The data START

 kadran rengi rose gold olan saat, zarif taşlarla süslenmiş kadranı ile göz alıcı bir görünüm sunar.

The data END
The data START

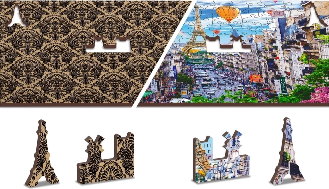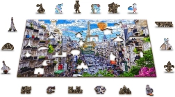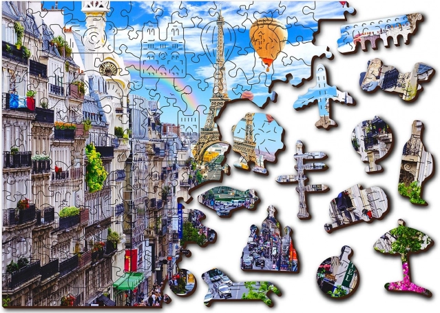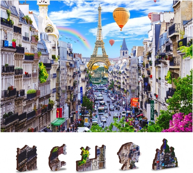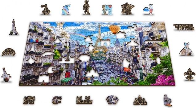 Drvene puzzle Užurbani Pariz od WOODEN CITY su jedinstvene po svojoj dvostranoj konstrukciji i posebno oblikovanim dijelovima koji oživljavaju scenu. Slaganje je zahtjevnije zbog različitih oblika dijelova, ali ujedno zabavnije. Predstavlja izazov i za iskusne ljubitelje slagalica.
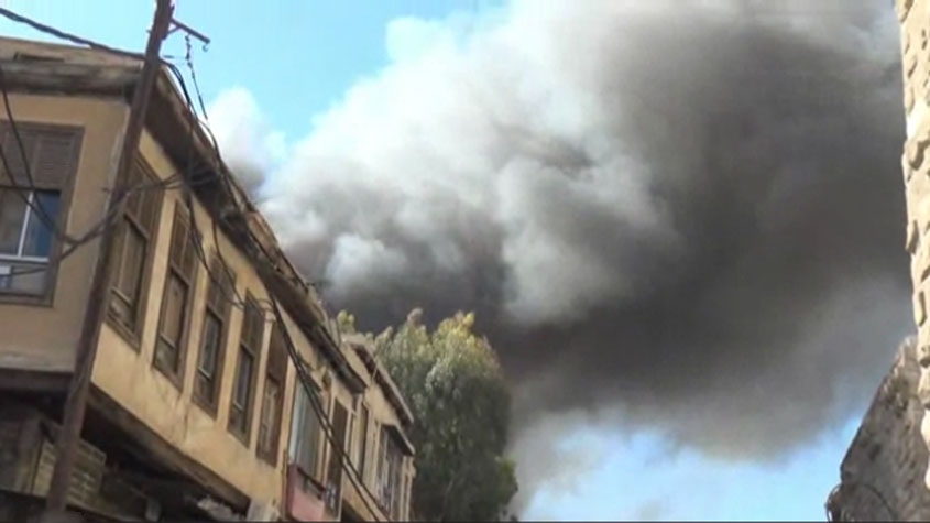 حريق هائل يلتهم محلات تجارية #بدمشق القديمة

The data END

▶ **Work item**
Within the listing above, print exactly the stretch beginning at the line that contains "Drvene puzzle Užurbani" and finishing at the line that contains "حريق هائل يلتهم محلات تجارية #بدمشق القديمة", ends kept, pictures left out, and nothing more.

▶ **Written response**
 Drvene puzzle Užurbani Pariz od WOODEN CITY su jedinstvene po svojoj dvostranoj konstrukciji i posebno oblikovanim dijelovima koji oživljavaju scenu. Slaganje je zahtjevnije zbog različitih oblika dijelova, ali ujedno zabavnije. Predstavlja izazov i za iskusne ljubitelje slagalica.
 حريق هائل يلتهم محلات تجارية #بدمشق القديمة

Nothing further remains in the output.